# Logic of a Mixed Quantifier Conditional Proof

Given a true statement of the form $$\forall x\, \exists y\, (P(y) \implies S(x))$$ How would I go about instantiating this statement? I know that I can use a universal instantiation to yield $$\, \exists y\, (P(y) \implies S(m))$$ for some arbitrary $m$ in the universe, but is the existential instantiation just as simple as usual, i.e, do I just pick a $n$ for which $P$ holds? This would yield $$P(n) \implies S(m)$$ Is this correct?

Also, is an existential instantiation of this form "linked" to the variable $m$ that I introduced with the universal instantiation? That is, do I think of $m$ as being fixed?

As you correctly surmise, you can of course not just pick any constant to instantiate an existential with. Indeed, after having instantiated the universal with $m$, we can of course not guarantee that the 'something' that has property $P$ is that very $m$. And indeed in general we cannot instantiate the existential with any constant (or any variable-free term) that we are already using elsewhere.

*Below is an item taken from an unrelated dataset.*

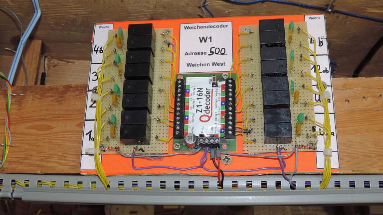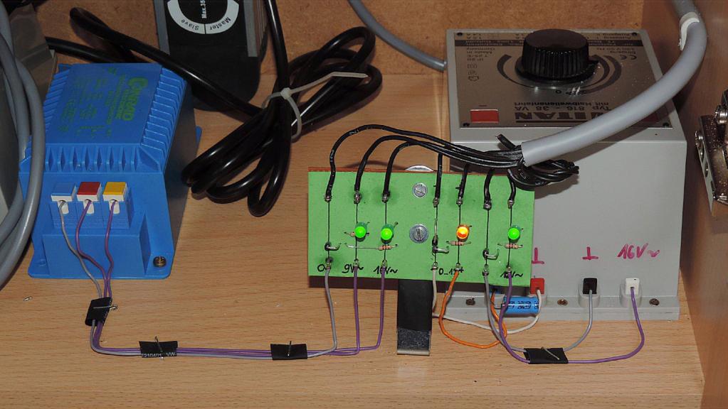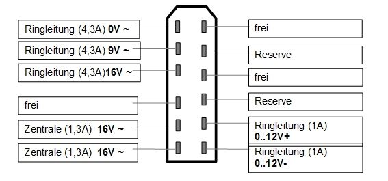Die 9V und die 12V Potenziale liegen zwar an, aber bisher benötige ich sie nicht. Der Gleichstrom war mal für Soundmodule gedacht, aber den Sound spielt jetzt die Software Rocrail mit ab, so dass ich momentan keine extra Module unter der Anlage betreibe.

This is why we have to pick a constant that we are not using elsewhere when instantiating an existential: it is our way of saying: "well, we know something has such-and-such a property, but we don't know who or what it is, so let's just give it a name, so we can at least refer to it by a name".

Finally, note that just because we use a new constant does not mean that it has to be different from any of the other constants already in use. That is, later on we may realize that $n=m$. But to be safe, and keep all possibilities open, we have to use a new constant.